Object Detection Paper Summarization

Basic Detection Framework

Two stage:

[R-CNN]
[SPP-Net]
[Fast R-CNN]
[Faster R-CNN]

One stage:

[YOLO]
[SSD]
[YOLOv2]
[YOLOv3]

Improvement for Two Stage Framework

To alleviate the problems arising from scale variation and small object instances

Construct feature pyramid

[FPN - CVPR2017] Feature Pyramid Networks for Object Detection
[paper] https://arxiv.org/abs/1612.03144
[summarization]
-Difference with previous segmentation methods which use top-down and skip connections architecture: predictions are independently made on each level.

-The topdown pathway hallucinates higher resolution features by upsampling spatially coarser, but semantically stronger, feature maps from higher pyramid levels.
-Each lateral connection merges feature maps of the same spatial size from the bottom-up pathway and the top-down pathway.
-The bottom-up feature map is of lower-level semantics, but its activations are more accurately localized as it was subsampled fewer times.

[TDM - CVPR2017] Beyond Skip Connections: Top-Down Modulation for Object Detection

Multi-scale training approach (image pyramid)

[SNIP - CVPR2018] An Analysis of Scale Invariance in Object Detection – SNIP
[paper] https://arxiv.org/abs/1711.08189
[summarization]
-Scale Normalization for Image Pyramids

-Use Image Pyramids, for each image(with multi-scale), training is only performed on objects that fall in the desired scale range and the remainder are simply ignored during back-propagation

-Deformable R-FCN + Soft-NMS ResNet-101/DPN-98 -> 48.3mAP

[SNIPER - NIPS2018] SNIPER: Efficient Multi-Scale Training
[paper] https://arxiv.org/abs/1805.09300
[official code] https://github.com/mahyarnajibi/SNIPER
[summarization]
-Chip Generation: For each scale, KxK pixels chips are placed at equal intervals of d pixels

-Positive Chip Selection: A ground-truth box is said to be covered if it is completely enclosed inside a chip. Ground-truth instances which have a partial overlap (IoU > 0) with a chip are cropped. All the cropped ground-truth boxes (valid or invalid) are retained in the chip

-Negative Chip Selection:First train RPN for a couple of epochs. Then, for each scale i, we greedily select all the chips which cover at least M proposals.

To improve localization accuracy

Improve bounding box refinement method

Previous method: Using iterative bounding box regression to refine a bounding box.
This idea ignores two problems:
(1) a regressor trained at low IoU threshhold (such as 0.5, used to defind postives/negetives) is suboptimal for proposals of higher IoUs.
(2) the distribution of bounding boxes changes significantly after each iteration.
Usually, there is no benefit beyond applying the same regressoin function twice.

[Cascade R-CNN]

[IoU-Net]

Predict localization confidence

-Two drawbacks without localization confidence:
(1) In nms, the classification scores are typically used as the metric for ranking the proposals.

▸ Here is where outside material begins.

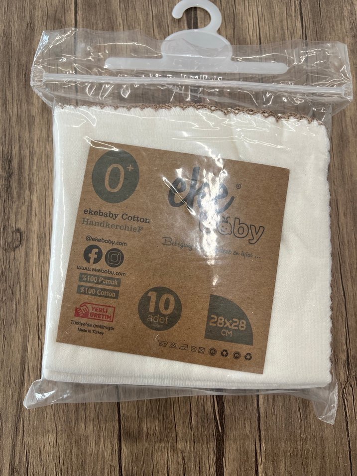 28x28 cm ölçülerinde, %100 pamuk kumaştan yapılmış beyaz baskılı bebek önlüğü. 10 adetlik pakette sunulur.

But the localization accuracy is not well correlated with the classification confidence.
(2) The absence of localization confidence makes the widely adopted bounding box regression less interpretable. Bounding box regression may degenerate the localization of input bounding boxes if applied for multiple times

[IoU-Net ECCV2018] Acquisition of Localization Confidence for Accurate Object Detection
[paper] https://arxiv.org/abs/1807.11590
[official code] https://github.com/vacancy/PreciseRoIPooling (PreciseRoIPooling)
[summarization]
-Introduce IoU-Net, which predicts the IoU between detected bounding boxes and their corresponding ground-truth boxes, making the networks aware of the localization criterion.

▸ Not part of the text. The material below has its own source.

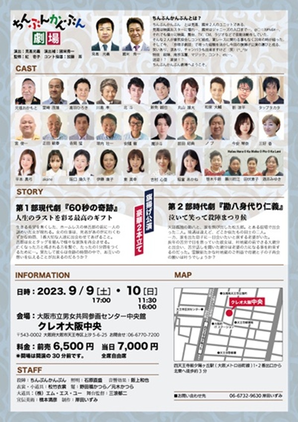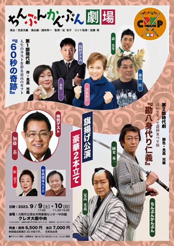 【日時】 2023年9月9日(土) 17時開演 10日(日) 11時半/16時開演 ※ 開場は開演の30分前です 【ちんぷんかんぷんとは?】 「ちんぷんかんぷん」とは 見高、國米2人のユニットである。 見高は映像(右)スターに憧れ…。 國米はジャニーズの入口まで…。 @○?I#%&\…。 それでも個々に映像、舞台、TV、CM、 ラジオなどで芸能活動をしていた。 そんな二人が意気投合しコンビ結成。 賞レースにかかわることもなく 20年に時が経った。 そして今、「京唄子劇団」で培った経験を 活かし今回の旗揚げ公演の運びと成る。 笑いあり、涙あり、チャンバラも 出来ますけど(笑) (^_^)v 特技 殺陣、南京玉簾、マジック、 コント、etc…。 送迎!? 塗装!? ちんぷんかんぷん劇場へようこそ。 【第一部 現在劇】 人生のラストを彩る最高のギフト 『60秒の軌跡』 【作・演出 】 見高光義 【演 出 補】 國米秀一 【監 修】 紅壱子 【コント監修】 加藤茶 【場所】 大阪市立男女共同参画センター中央館 クレオ大阪中央 (〒543-0002 大阪市天王寺区上汐5丁目6-25) 【料金】(税込、全席自由席) 前売6,500円 当日7,000円 〜〜〜〜〜〜〜〜〜〜 【第一部 現在劇】 人生のラストを彩る最高のギフト 『60秒の軌跡』 【作・演出 】 見高光義 【演 出 補】 國米秀一 【監 修】 紅壱子 【コント監修】 加藤茶 【あらすじ】 生きる希望を無くした、ホームレスの林吾郎の前に一人の 謎めいた女が現れる。 女の仕事は、死者があの世に行くわ ずかな時間、1番大切な人達に出会わせてあげること。 吾郎は女とタッグを組んで様々な家族と再会させる。 亡くなった方と残される方を繋ぐ、たった1分間をつく るために…。 果たして彼らは奇跡の期間の中で、お互いの 想いを伝えることが出来るのだろうか? 【出演】 森光冬 鍋島浩 田村ツトム 洋あおい 未央 一 【第二部 時代劇】 泣いて笑って殺陣まつり候 『勘八身代わり仁義』 【あらすじ】 天涯孤独の勘八と、家を飛び出した松五郎。とある宿場で出会 った二人。 境遇は違えど、どこか似たもの同士の二人。 一方、家を出た息子に一目会いたいと旅ずる老婆がいた。 長年の苦労で目を患っていた彼女は、叶地蔵の前でさる大親分 と出会い、苦労話を聞いた親分は老婆の力になる事を約束す るのだった。 霊験新たかな叶字憎悪ご利益で母親と子の再会 の願いは叶うでしょうか? 【出演】 國米秀一 見高光義 紅壱子 曾我廼家八十吉 特別ゲスト 「加藤茶」 |

-Generate bounding boxes and labels for training the IoU-Net by augmenting the ground-truth, instead of taking proposals from RPNs.

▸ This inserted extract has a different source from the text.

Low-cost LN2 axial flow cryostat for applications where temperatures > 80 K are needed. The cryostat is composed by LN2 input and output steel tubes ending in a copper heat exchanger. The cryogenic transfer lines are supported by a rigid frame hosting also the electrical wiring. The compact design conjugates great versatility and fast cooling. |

-IoU-guided NMS: Replace classification confidence with the predicted IoU as the ranking keyword in NMS. When a box i eliminates box j, update the classification confidence si of box i by si = max(si; sj )

-New bounding box refinement method: Optimization-based bounding box refinement (on par with traditional regression-based methods.)

-Precise RoI Pooling: It avoids any quantization of coordinates and has a continuous gradient on bounding box coordinates.

To remove duplicated bounding boxes

Widely-adopted approach: NMS

Modification for NMS

To eliminate high-scored false positives

Learning high quality object detectors

-IoU threshhold(u): is set to determine positives/negetives

When u is high, the positives contain less background, but it is difficult to assemble enough positive training examples. When u is low, a richer and more diversified positive training set is available, but the trained detector has little incentive to reject close false positives.In general, it is very difficult to ask a single classifier to perform uniformly well over all IoU levels.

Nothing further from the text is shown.